Connecting and Comparing Language Model Interpolation Techniques
Ernest Pusateri, Christophe Van Gysel, Rami Botros, Sameer Badaskar,, Mirko Hannemann, Youssef Oualil, Ilya Oparin

TL;DR
This paper explores the theoretical connection between count merging and Bayesian interpolation in language models, compares their performance with linear interpolation, and discusses their practical implications.
Contribution
It provides the first comparison of count merging and Bayesian interpolation, demonstrating their similar performance and advocating Bayesian interpolation as the preferred method.
Findings
Count merging and Bayesian interpolation outperform linear interpolation.
Both techniques perform similarly in comparison.

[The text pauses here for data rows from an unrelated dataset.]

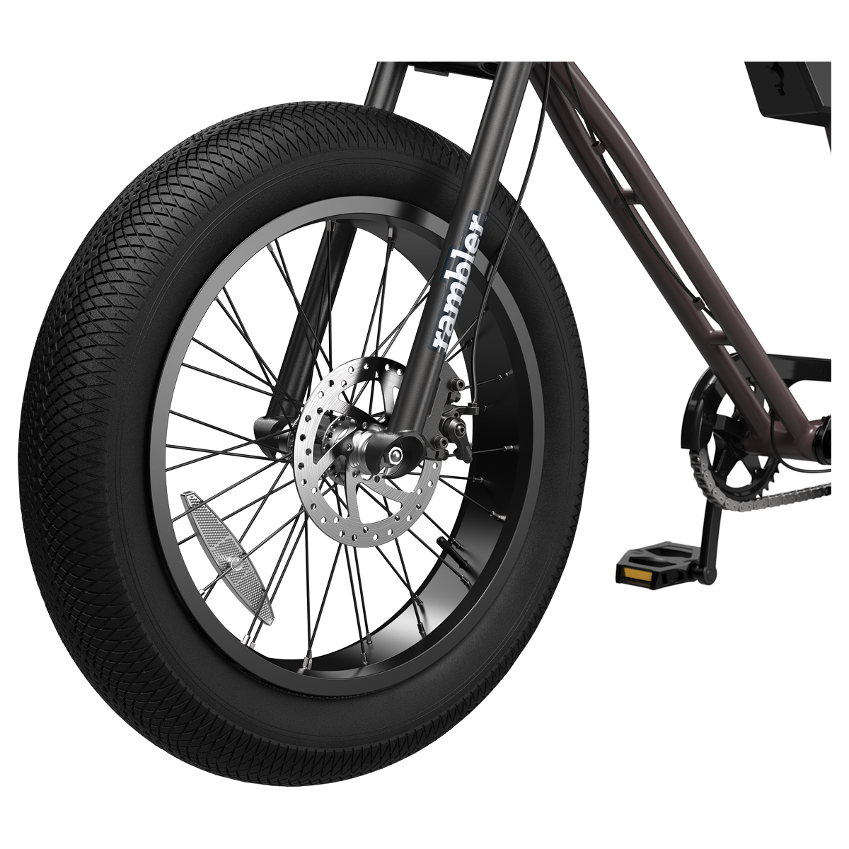 Built with high-quality steel frame and 20” (508 mm) x 4” (101.6 mm) pneumatic balloon tires, this retro-style electric bike will make cruising over rough terrain a smooth and comfortable experience.
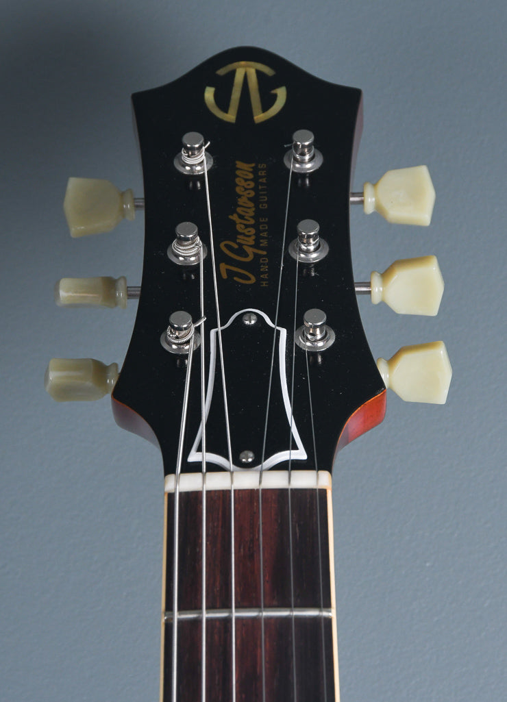If you've been waiting for one of the infamous Wildwood 5 Johan Gustavsson Bluesmaster 59's to surface here's your chance. This is fresh out of a collection where it's been for over 12 years. I remember it like yesterday when my friend Matte from Woodstock NY told me about Johan's guitars and how special they were. Little did I know how fast the market would correct his originally pricing and the first batch into Wildwood Guitars disappeared mostly to employees once they arrived. The internet was on fire once that first batch of guitars hit these shores and we see how coveted these early examples are. This near mint Gustavsson Custom '59 finished in a beautiful nitro cherry sunburst is one of those first guitars into the US market. Johan's guitar are not just works of art but are incredible instruments that are meant for someone to cherish for a lifetime.
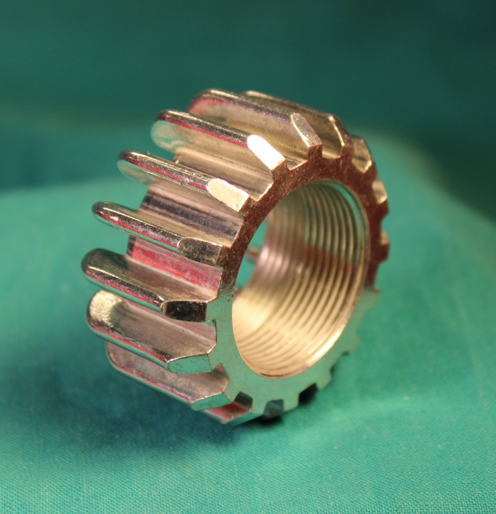Mutter med dubbelgänga, för det speciella avgasröret med gänga, som sitter på HUSQVARNA CORNETTE 4022 m.fl.
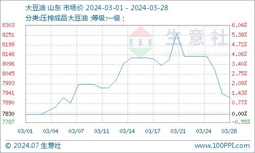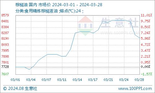 据生意社商品行情分析系统显示:3月,国内豆油棕榈油行情振荡上涨。其中,棕榈油涨幅较大,整体上涨接近7%,豆油上涨超1%。3月1日,豆油市场均价7830元/吨,3月28日,豆油市场均价7920元/吨,上涨1.15%。3月1日,棕榈油市场均价7728元/吨,3月28日,棕榈油市场均价8210元/吨,上涨6.24%。

Bayesian interpolation is recommended for most circumstances.
Abstract
In this work, we uncover a theoretical connection between two language model interpolation techniques, count merging and Bayesian interpolation. We compare these techniques as well as linear interpolation in three scenarios with abundant training data per component model. Consistent with prior work, we show that both count merging and Bayesian interpolation outperform linear interpolation. We include the first (to our knowledge) published comparison of count merging and Bayesian interpolation, showing that the two techniques perform similarly. Finally, we argue that other considerations will make Bayesian interpolation the preferred approach in most circumstances.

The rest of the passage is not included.